Al 24’ Benevento in dieci per l’espulsione per proteste nei confronti dell’arbitro del difensore Caldirola . Probabilmente il difensore ha avuto un comportamento irriguardoso verso il direttore di gara. Mister Inzaghi fa uscire Del Pinto ed inserisce Tuia per assestare la difesa dopo l’espulsione di Caldirola. La squadra di casa si dispone ora con il 4-4-1 con il solo Moncini in avanti .

Al 33’ altra occasione gol per le vespe: discesa di Elia sulla sinistra, cross a giro in area verso la porta su cui Montipo’ si supera deviando in angolo, con Forte che tenta l’impatto in scivolata. Con l’uomo in più la Juve Stabia e’ più manovriera e riesce a rendersi pericolosa con veloci incursioni sulle corsie esterne. Le vespe passano ora al 4-2-3-1 con Canotto, Di Mariano e Mallamo a supporto di Forte unica punta. Il primo tempo termina sullo 0-0 dopo due minuti di recupero.


Juve Stabia concentrata sul match, il Benevento si e’ complicata la vita con l’espulsione diretta di Caldirola. In ogni caso le vespe non hanno sfigurato in questo primo tempo. Alla fine del primo tempo , possesso palla pari al 50%, tiri in totale 4 per parte, tiri in porta 2 per il Benevento, uno per la Juve Stabia.

Ad inizio ripresa, buona partenza della Juve Stabia: al 5’ punizione dal limite di Calo’, sul versante sinistro, ma la conclusione e’ leggermente alta. La punizione era stata conquistata da Mallamo dopo una sua azione in percussione fermata fallosamente da Volta. Al 17’ ci prova il bomber Forte della Juve Stabia che di testa in area su azione da corner mette in ambasce la difesa di casa. Girandola di cambi nelle due formazioni a metà ripresa. Vantaggio del Benevento al 27’: lancio di Schiattarella in area gialloblù , Fazio sbaglia la chiusura e l’ex stabiese Sau punisce le vespe con una conclusione al fulmicotone.

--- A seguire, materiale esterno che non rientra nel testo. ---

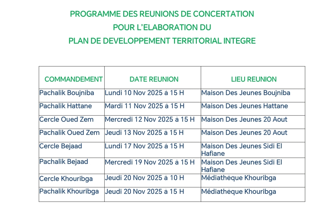وفيما يلي برنامج اللقاءات التشاورية التي أعلنت عنها عمالة إقليم خريبكة:
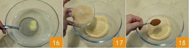 deixe-os então esfriar em água fria, mergulhando-os com uma peneira 16. Agora, prepare a cobertura: em uma tigela, coloque a farinha de rosca, o açúcar mascavo 17, a canela 18, e misture bem com uma colher.
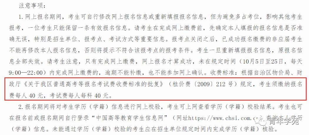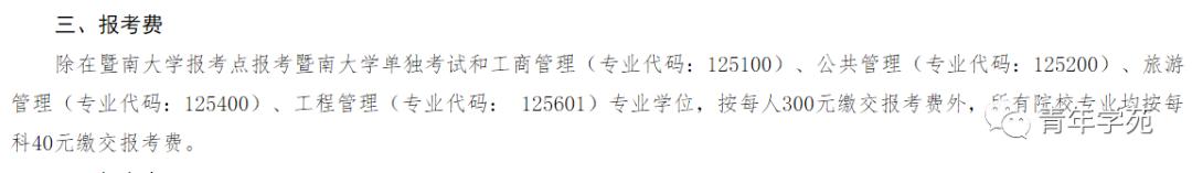 除在暨南大学报考点报考暨南大学单独考试和工商管理(专业代码:125100)、公共管理(专业代码:125200)、旅游管理(专业代码:125400)、工程管理(专业代码:125601)专业学位,按每人300元缴交报考费外,所有院校专业均按每科40元缴交报考费。
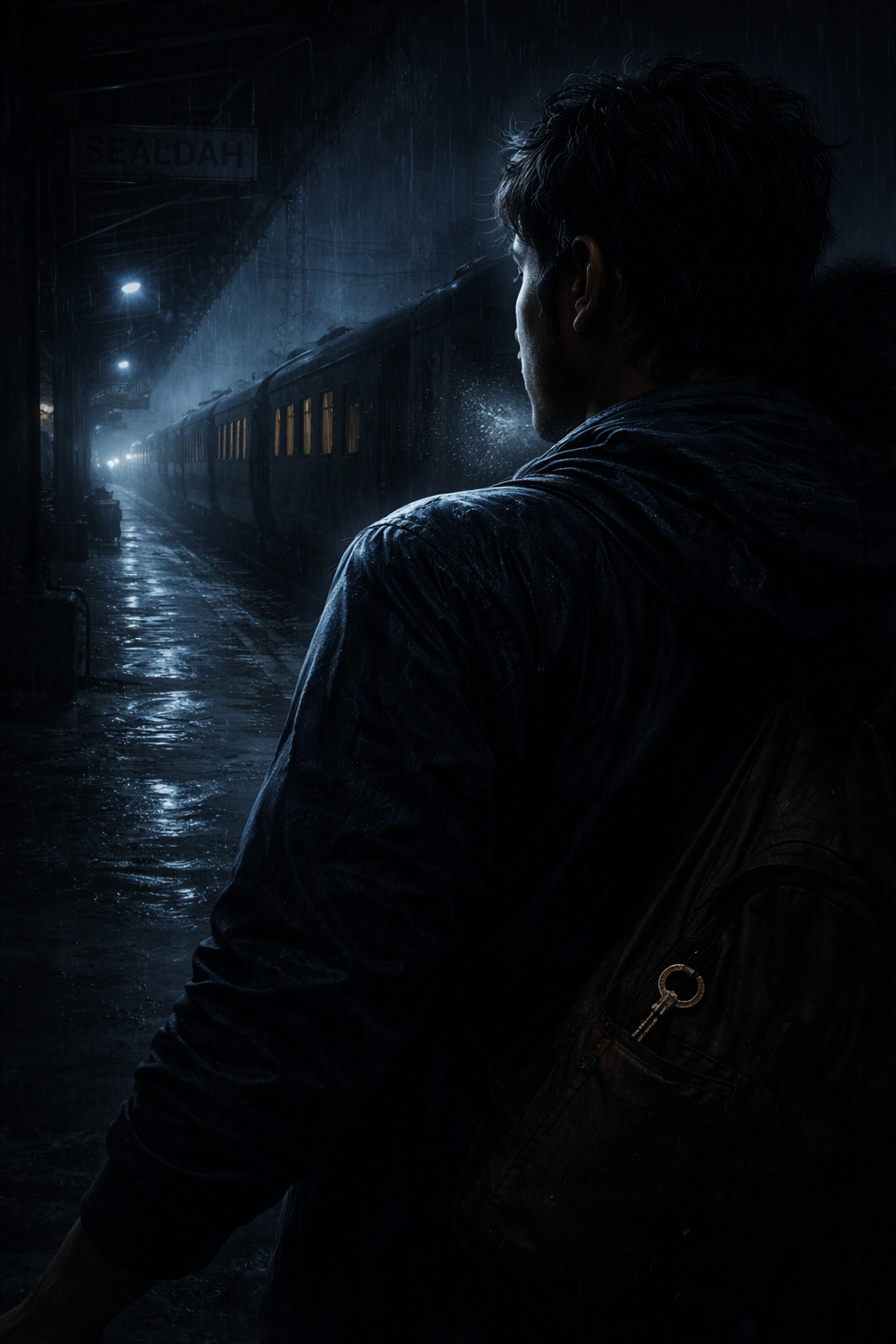 বৃষ্টিভেজা শিয়ালদহ স্টেশনে রাত বারোটার পর হঠাৎ বিদ্যুৎ চলে যায়। অন্ধকারে দাঁড়িয়ে থাকা রুদ্র অনুভব করে—কারও শ্বাস তার ঘাড়ের খুব কাছে। পকেটে রাখা পুরোনো চাবিটা হঠাৎ বরফের মতো ঠান্ডা হয়ে ওঠে।

Ancora un errore della retroguardia stabiese. Il Benevento non risente dell’inferiorità’ numerica e gestisce ora la gara a suo piacimento. La Juve Stabia sembra aver perso brillantezza nel secondo tempo. Nel finale mister Caserta si gioca le ultime carte mettendo in campo Rossi e Melara. Al 42’ mischia in area del Benevento da azione d’angolo, ma Montipo’ riesce miracolosamente a sventare su tiro di Fazio. Finisce cosi sul 1-0 per il Benevento che festeggia la serie A sulle note di “We are the champions”.


Tabellino

Benevento (4-3-3): Montipo’ 7; Maggio 6 Volta 6 Caldirola 5 Letizia 6; Del Pinto sv (26’ pt Tuia 6) Hetemaj 6 Schiattarella 6.5; Insigne 6 (25’st Tello 6) Moncini 6 (25’ st Sau 7) Improta 6 (35’ st Barba sv). All.: F.Inzaghi 7.

Juve Stabia ( 4-3-1-2): Provedel 6; Vitiello 6 Tonucci 5.5 Fazio 5 Elia 6.5; Calo’ 6 (36’ st Melara sv) Calvano 6 (23’st Addae 5) Mallamo 6.5 (13’ st Bifulco 5); Di Mariano 6 (23’ st Di Gennaro 5); Forte 5.5 Canotto 6 (36’ st Rossi sv). All.: F.Caserta 5.5.

Arbitro: Marinelli di Tivoli 6. Guardalinee: Robilotta-Schirru. Quarto uomo: Cascone di Nocera Inferiore. Marcatori: 27’ st Sau (B) Espulso: al 24’ pt Caldirola (B) per proteste. Ammoniti: Insigne (B), Volta (B), Tonucci (JS), Elia (JS). Note: partita a porte chiuse. Angoli 4-5. Recupero, 2’ st , 5’ st.